Using the above template for merging can improve the calculation accuracy and inference ability of the model without reducing the general capabilities of the instruction model.

ZYH-LLM-Qwen2.5-V4 used this template during the model merging process.

Open LLM Leaderboard Evaluation Results

Detailed results can be found here

Metric	Value
Avg.	43.14
IFEval (0-Shot)	83.65
BBH (3-Shot)	50.27
MATH Lvl 5 (4-Shot)	53.93
GPQA (0-shot)	8.61
MuSR (0-shot)	15.66
MMLU-PRO (5-shot)	46.71

First stage:

Create four different instruction models and code model

models:  
  - model: Qwen/Qwen2.5-14B-Instruct  
    parameters:  
      density: 1  
      weight: 1  
      lambda: 0.9
  - model: Qwen/Qwen2.5-14B-Instruct-1M  
    parameters:  
      density: 1  
      weight: 1  
      lambda: 0.9  
merge_method: della  
base_model: Qwen/Qwen2.5-14B  
parameters:  
  density: 1  
  weight: 1  
  lambda: 0.9  
  normalize: true  
  int8_mask: true  
dtype: bfloat16  
tokenizer_source: base  
name: Qwen2.5-14B-della-base

models:  
  - model: Qwen/Qwen2.5-14B-Instruct  
    parameters:  
      density: 1  
      weight: 1  
      lambda: 0.9
  - model: Qwen/Qwen2.5-14B-Instruct-1M  
    parameters:  
      density: 1  
      weight: 1  
      lambda: 0.9  
merge_method: della  
base_model: arcee-ai/Virtuoso-Small-v2  
parameters:  
  density: 1  
  weight: 1  
  lambda: 0.9  
  normalize: true  
  int8_mask: true  
dtype: bfloat16  
tokenizer_source: base  
name: Qwen2.5-14B-della-v2

models:  
  - model: Qwen/Qwen2.5-14B-Instruct  
    parameters:  
      density: 1  
      weight: 1  
      lambda: 0.9
  - model: Qwen/Qwen2.5-14B-Instruct-1M  
    parameters:  
      density: 1  
      weight: 1  
      lambda: 0.9  
merge_method: della  
base_model: arcee-ai/SuperNova-Medius  
parameters:  
  density: 1  
  weight: 1  
  lambda: 0.9  
  normalize: true  
  int8_mask: true  
dtype: bfloat16  
tokenizer_source: base  
name: Qwen2.5-14B-della-Nova

models:  
  - model: Qwen/Qwen2.5-14B-Instruct  
    parameters:  
      density: 1  
      weight: 1  
      lambda: 0.9
  - model: Qwen/Qwen2.5-14B-Instruct-1M  
    parameters:  
      density: 1  
      weight: 1  
      lambda: 0.9  
merge_method: della  
base_model: Azure99/Blossom-V6-14B  
parameters:  
  density: 1  
  weight: 1  
  lambda: 0.9  
  normalize: true  
  int8_mask: true  
dtype: bfloat16  
tokenizer_source: base  
name: Qwen2.5-14B-della-V6

models:  
  - model: Qwen/Qwen2.5-Coder-14B-Instruct  
    parameters:  
      density: 1  
      weight: 1  
      lambda: 0.9  
merge_method: della  
base_model: Qwen/Qwen2.5-Coder-14B  
parameters:  
  density: 1  
  weight: 1  
  lambda: 0.9  
  normalize: true  
  int8_mask: true  
dtype: bfloat16  
tokenizer_source: base  
name: Qwen2.5-Coder-14B-della

Second stage:

Step 1:

Create three instruction models with a bias towards reasoning by using templates.

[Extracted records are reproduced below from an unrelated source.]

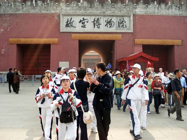 满载第一天的收获,我们整理行囊,又有开始了第二天的考察生活。同学们怀着崇敬的心情参观了庄严肃穆的毛主席纪念堂,大家用手中的鲜花寄托了对伟人的哀思。在庄重浑厚、宏伟典雅的天安门城楼,同学们俯瞰金水桥畔的华表,遥望广场上的人民英雄纪念碑,一种民族自豪感油然而生。行走在“城中之城”的紫禁城,同学们既为美伦美奂的宫殿楼宇所折服,又为后花园的奇树古柏所吸引,一个半小时的行程让大家意犹未尽。在景山公园,我们稍做停留,整理心绪。午餐过后,我们来到了北京特产市场,导游向我们讲解了果脯的制作工艺,学生们用精心挑选的果脯表达对家人的爱。之后我们又来到了索尼探梦,高科技产品让学生认识到生活处处有科学,梦想成就未来。带着喜悦,收获梦想,我们结束了第二天的旅行。
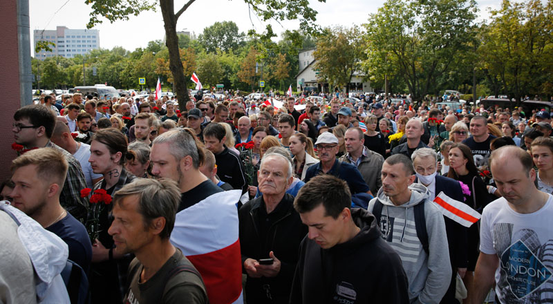 Šeštadienį Minske tūkstančiai žmonių atsisveikino su Aliaksandru Taraikovskiu, žuvusiu naktį į rugpjūčio 11-ąją per protesto akciją įvykus susirėmimui su Baltarusijos pareigūnais, praneša „Interfax“.
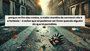 porque o carnaval é fuga, mas também é revelação. a gente passa dias vivendo sem freio, sem regras, sem medo de errar. e aí, de repente, precisa voltar a encaixar no formato esperado. só que depois de tanta cor, de tanta liberdade, a rotina parece ainda mais cinza. por que é tão difícil ser um pouco mais livre o resto do ano? por que a gente só se autoriza a viver de verdade quando tem feriado pra justificar?
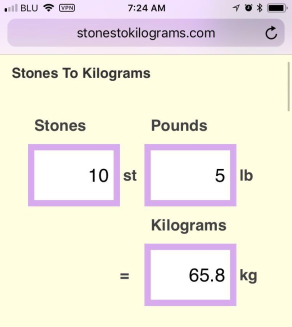 A beautiful sunny Thursday β and I weigh in for my quest to lose the 3 kgs I have gained since my hip operation.Β The scales we have to hand are actually in stones and lbs (Iβll have to do the conversion on line as I have no idea what that reading means). 10 stone 6 lbs is equal to 66.2 kgs β see below.
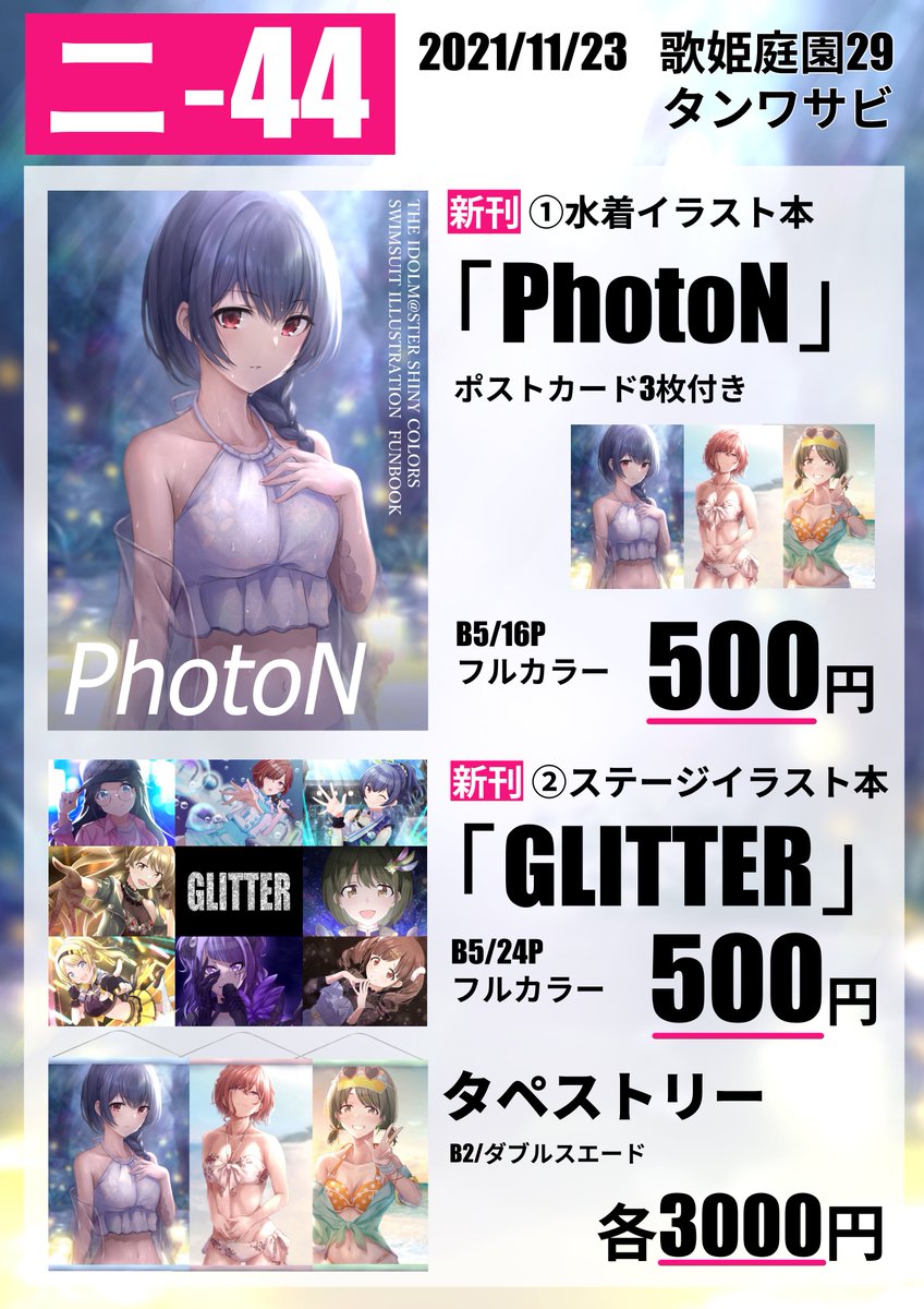 #歌姫庭園29 新刊です!咲耶さんメインのギャグで A5サイズ全文28ページ500円です! スペースは『シャ15』です 既刊も持っていきますのでよろしくお願いしまーす!! サンプルはこちらtwitter.com/maturinojunbi/…

merge_method: model_stock  
base_model: Qwen2.5-14B-della-base  
models:  
  - model: Qwen2.5-Coder-14B-della  
  - model: Qwen2.5-14B-della-v2  
  - model: deepseek-ai/DeepSeek-R1-Distill-Qwen-14B  
  - model: huihui-ai/DeepSeek-R1-Distill-Qwen-14B-abliterated-v2  
dtype: bfloat16  
tokenizer_source: base  
int8_mask: true  
normalize: true  
name: Qwen2.5-14B-mst-Coder

merge_method: model_stock  
base_model: Qwen2.5-14B-della-base  
models:  
  - model: Qwen2.5-14B-della-V6  
  - model: Qwen2.5-14B-della-v2  
  - model: deepseek-ai/DeepSeek-R1-Distill-Qwen-14B  
  - model: huihui-ai/DeepSeek-R1-Distill-Qwen-14B-abliterated-v2  
dtype: bfloat16  
tokenizer_source: base  
int8_mask: true  
normalize: true  
name: Qwen2.5-14B-mst-V6

merge_method: model_stock  
base_model: Qwen2.5-14B-della-base  
models:  
  - model: Qwen2.5-14B-della-Nova  
  - model: Qwen2.5-14B-della-v2  
  - model: deepseek-ai/DeepSeek-R1-Distill-Qwen-14B  
  - model: huihui-ai/DeepSeek-R1-Distill-Qwen-14B-abliterated-v2  
dtype: bfloat16  
tokenizer_source: base  
int8_mask: true  
normalize: true  
name: Qwen2.5-14B-mst-Nova

Step 2:

Create a pure instruction model to restore the generality of the final model.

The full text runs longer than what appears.